Escaping the Malthusian Trap: Technology and regulation to feed the world

Posted in: Energy and environmental policy, Evidence and policymaking, Food and agriculture, Science and research policy

Professor Rod Scott is Professor of Plant Molecular Biology in the University of Bath's Department of Biology & Biochemistry.

Thomas Malthus, an English political economist and demographer (who died in 1834, and is buried in Bath Abbey), first addressed the problem of population in his 1798 book An Essay on the Principle of Population. He believed that food production could not keep pace with population growth: “The power of population is indefinitely greater than the power in the earth to produce subsistence for man". The result? A Malthusian catastrophe: starvation and an existential threat to the fabric of society, since the poor majority will suffer most and rebel.

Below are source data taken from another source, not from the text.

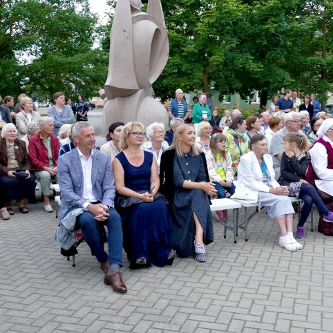 Susirinkusiuosius pasveikino, gražios šventės linkėjo Vabalninko seniūnas Laimutis Braždžionis ir svečias profesorius Algirdas Raslanas. Vabalninko krašto kultūros ir istorijos fondo narys Algirdas Garbauskas šventės dalyviams priminė, kad fondo nariai, pritariant visuomeninių organizacijų atstovams, dar šį pavasarį nutarė „Lino žiedo“ žymenį skirti Vabalninko Balio Sruogos gimnazijos mokytojai Zitai Kumpelienei.
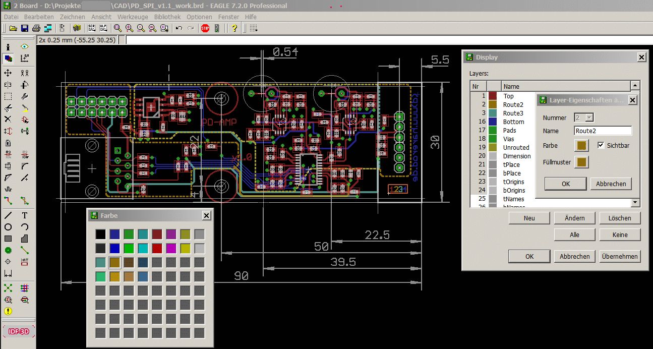 Häufig haben moderne PCs Grafikkarten, die mehr als 16 Farben darstellen können. Als ich von Altium nach EAGLE umgezogen bin, habe mir diese Erkenntnis zu Nutzen gemacht und eigene Farben definiert. Das Tutorial verrät einem, neben anderen Grundlagen, wie man das per Skript automatisiert.
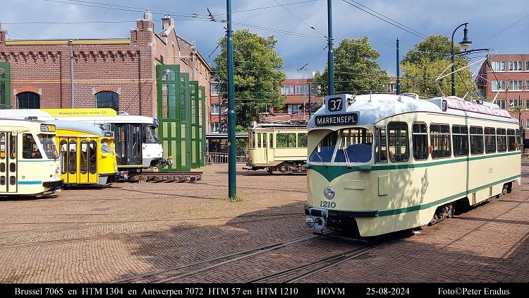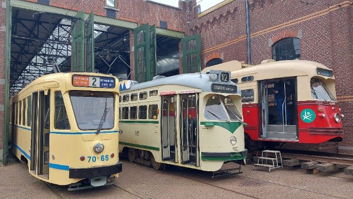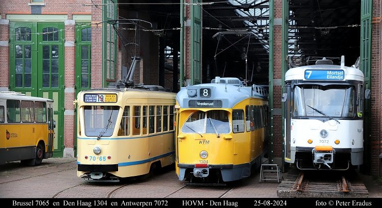 Op deze zondag 25 augustus 2024 de bescheiden maar unieke line-up van drie PCC wagens in het Haagse Openbaar Vervoer museum. Deze keer was er een PCC uit Antwerpen op bezoek.
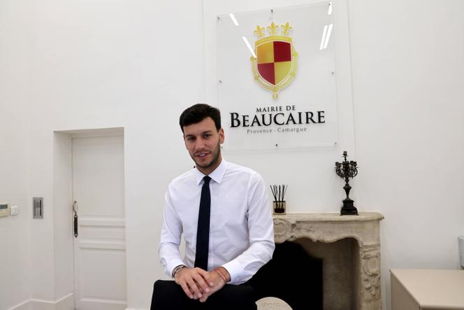 Nelson Chaudon,maire Rassemblement national,dans sa mairie de Beaucaire (Gard),le 5 août 2024. ALAIN ROBERT / SIPA A Beaucaire,ville du Gard dirigée par le Rassemblement national depuis dix ans,la municipalité d’extrême droite installe chaque année une crèche provençale au mois de décembre. Dans la cour de l’hôtel de ville prennent place plusieurs dizaines de santons traditionnels représentant des Arlésiennes,des gardians (éleveurs de taureaux camarguais),des bergers et autres métiers d’antan ainsi que des symboles de la paysannerie camarguaise. Les personnages de la nativité chrétienne ne sont apparus que mercredi 25 décembre.
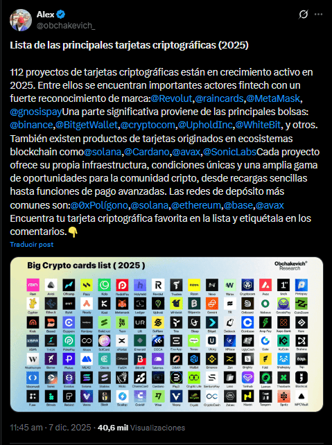In 2025, at least 112 cryptocurrency cards will compete in the market, intensifying the battle for capturing users' daily spending. This is revealed by researcher Alex Obchakevich in his comprehensive list of active projects worldwide.
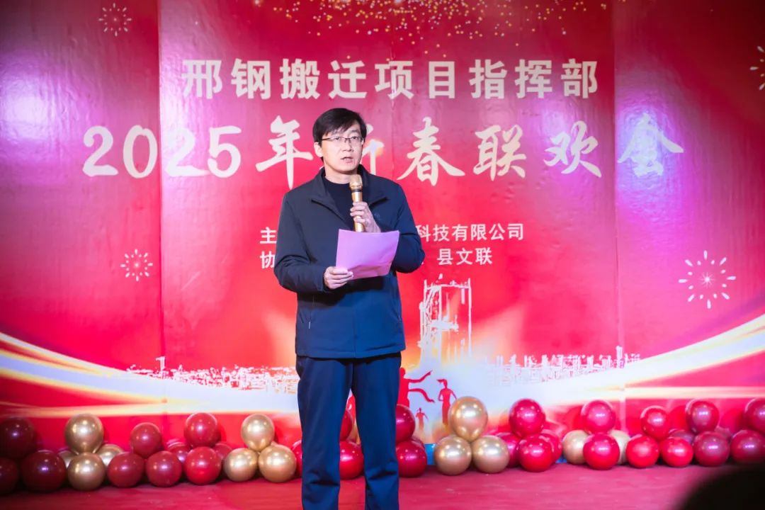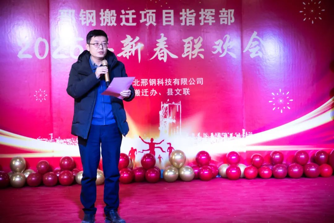 在熱烈、融洽的氣氛中,聯(lián)歡會拉開帷幕。威縣縣委常委、宣傳部長、搬遷專班班長白鋒發(fā)表致辭。他代表威縣縣委、縣政府,向所有關心支持邢鋼搬遷改造項目的各級領導和參與建設的同志們表達了崇高的敬意和衷心的感謝。并高度評價了邢鋼人在過去一年中展現(xiàn)出的團結協(xié)作、頑強拼搏的精神,表示威縣政府將繼續(xù)全力支持邢鋼搬遷項目,推動項目早日建成投產(chǎn),為威縣經(jīng)濟發(fā)展做出更大貢獻。
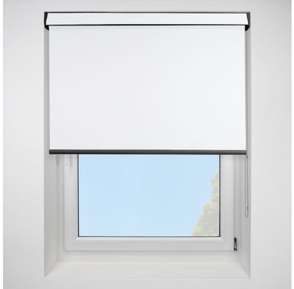 Open Cassette 70mm Urban Fr Blackout Bright White Roller Blind With Black Cassette
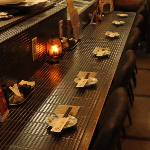 店内入ってすぐのカウンター席は調理も見える特等席となっております♪お一人様のご利用もOK!デートでも人気のカウンター席でごゆっくりお過ごしくださいませ。また、ゆ家石垣別邸ならではの串焼きもオススメとなっておりますので、ぜひ一度ご賞味あれ!
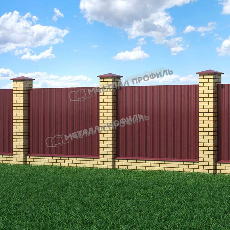 Профлист изготовлен из металла толщиной 0.45 мм, что обеспечивает ему прочность и долговечность. Он покрыт полиэстеровой краской RAL 3005 Красное вино, которая придает ему эстетичный и стильный вид.

Malthus made an observation that directly connects agricultural innovation and population growth. Numerous improvements in agriculture, even before Malthus’ time, have led to increased food supply – but he saw that these gains were only temporary. They were quickly wiped out by population growth, restoring the per capita production level to the status quo – except, crucially, with an increased population load. The Malthusian trap suggests that humanity inevitably sacrifices prosperity for population growth, or population growth inevitably consumes prosperity.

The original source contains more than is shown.